Ms Winterhalter said the Super Wash line at Chargeurs has revitalized wool manufacturing in the United States.

“Something we initiated for the Army has resulted in economic benefits and new jobs for U.S. citizens.”

The new Super Wash process makes wool viable for combat clothing in nearly any application, including jackets, pants, underwear, headwear, gloves and socks, she said.

Soldiers tested fabric in Germany

Three Army researchers travelled to Germany in Aug and September this year for Exercise Combined Resolve VII to work with about 100 Soldiers in testing and evaluating prototype uniforms composed of the new fabric.

The scientists joined John Riedener, the Field Assistance in Science and Technology advisor assigned to 7th Army Training Command. The exercise brings about 3500 participants from NATO allies to the region. FAST advisors are a component of the U.S. Army Research, Development and Engineering Command.

“We were in the heat of summer here, and it was very warm during the exercise.

The uniforms were lighter weight and breathed better; soldiers were very happy with the material,” Mr Riedener said.

Soldiers liked the light breathable fabric

NSRDEC equipment specialist, Soldier and Squad Optimization and Integration Team Soldiers from 1st Armored Brigade Combat Team, Brian Scott, said the 3rd Infantry Division participated in the 21-day testing and completed surveys before and after the exercise. The R&D team selected Hohenfels, Germany, because the previous fire resistant wool undergarment evaluation took place there.

Each soldier received three prototypes of the new wool-based fabric. One was “garment treated” with permethrin, an insecticide, and another “fabric treated” with permethrin. The third was untreated.
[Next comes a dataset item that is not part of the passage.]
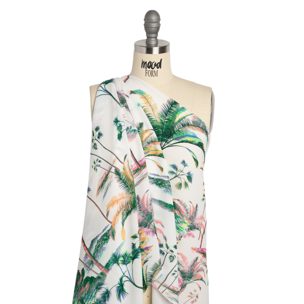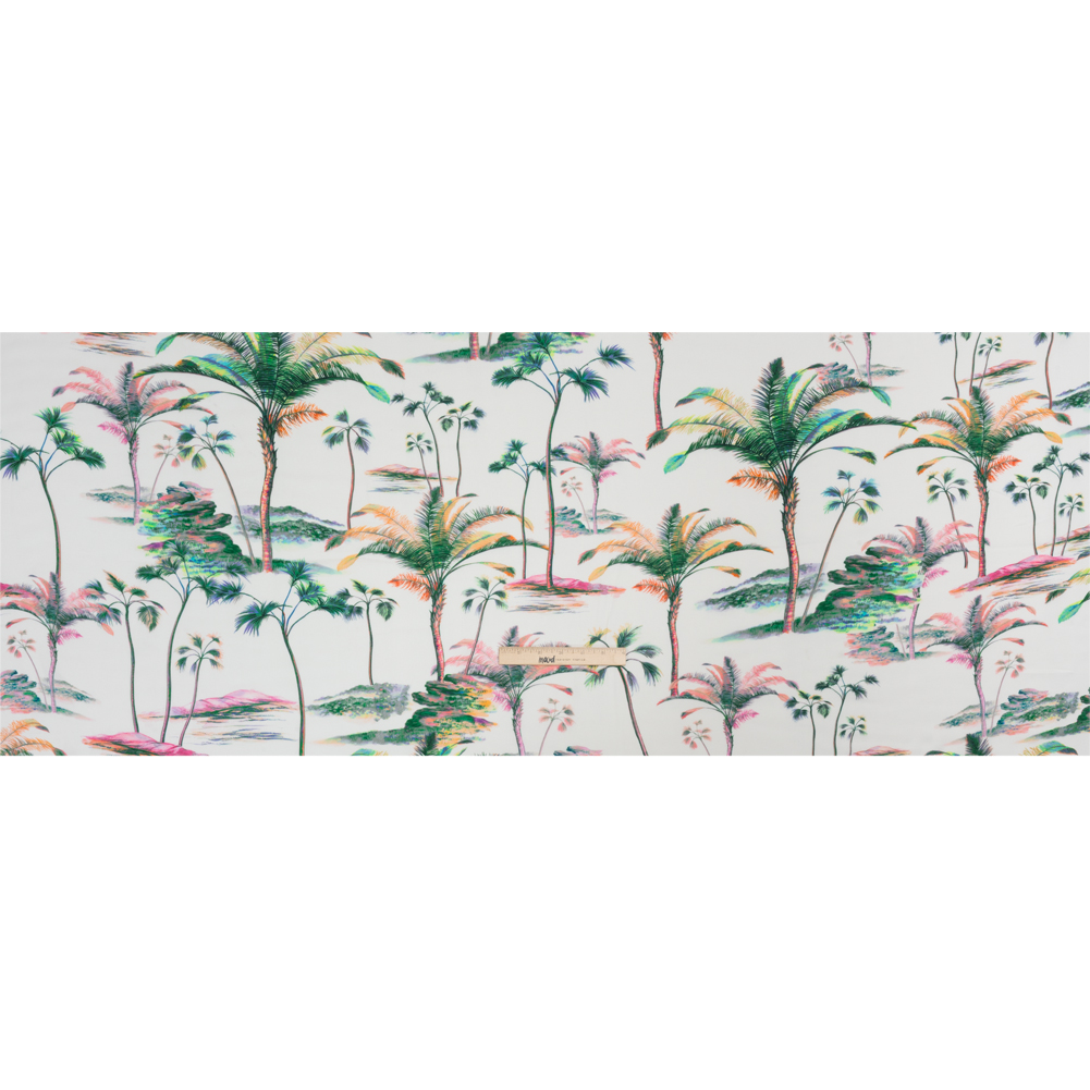 Viscose Crepe Print - Green, Pink and White Palm Trees - Mood Exclusive Shore Thing

Soldiers wore each of the three uniforms for about seven days in a field environment for a total of 21 days. The testing and survey instructions asked Soldiers not to compare the prototypes with existing uniforms or camouflage patterns. Participating Soldiers came from multiple military occupational specialties.

Their feedback regarding comfort, durability, laundering and shrinkage, insect resistance, and overall performance will help determine whether researchers continue this development effort, Ms Winterhalter said.
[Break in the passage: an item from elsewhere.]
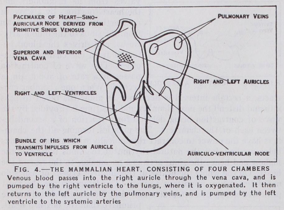 The heart of an elasmobranch such as the dog-fish is a good example of a primitive vertebrate heart. It con sists of four divisions, the sinus venosus, the auricle, the ventricle and the bulbus arteriosus. Each of these chambers is divided by valves from its neighbours and the heart functions by a wave of contraction which passes down from the sinus to the bulbus arte riosus, and drives the blood be fore it from one chamber to an other. This wave of contraction passes at a rate of about 4in. a second. When one chamber con tracts, a certain interval is necessary to allow the blood to pass into and distend the next chamber and this time is provided by the wave of contraction being delayed for a fraction of a second be tween each of the chambers. The muscles forming all the cham bers have the power to contract rhythmically without any stimulus being applied, but the natural rhythm of the sinus muscle is the highest and hence the sinus acts as a pacemaker to the rest of the heart. On the whole the hearts of the different classes of fishes do not differ in any important respect. The lampreys are the most primitive group of vertebrates and their hearts are slightly more primitive than the dog-fish heart, but the general arrangement and properties are the same. In the teleosts there is no true bulbus ar teriosus, but otherwise there is no important difference from the elasmobranch heart. The dipnoi of lung fishes, however, show an important variation. This order is only represented by a few scat tered species, but these show the first primitive attempt of a water living vertebrate to acquire the power of air breathing. They pos sess lungs, and the veins from the lungs open into a portion of the auricle, which is separated from the rest by an incomplete septum. The oxygenated blood coming from the lungs is thus separated in the heart from the reduced blood that comes from the rest of the body.

Initial results suggest the majority of the soldiers liked the fabric because it was lightweight and breathable; however, analysis of the survey data is not complete, NSRDEC program manager for the Office of Synchronization and Integration Shalli Sherman said.

NSRDEC researchers plan a larger field study with more users over a longer time period of possibly 30 days. More data on comfort and durability is needed as the Army moves forward with this R&D effort, Ms Winterhalter said.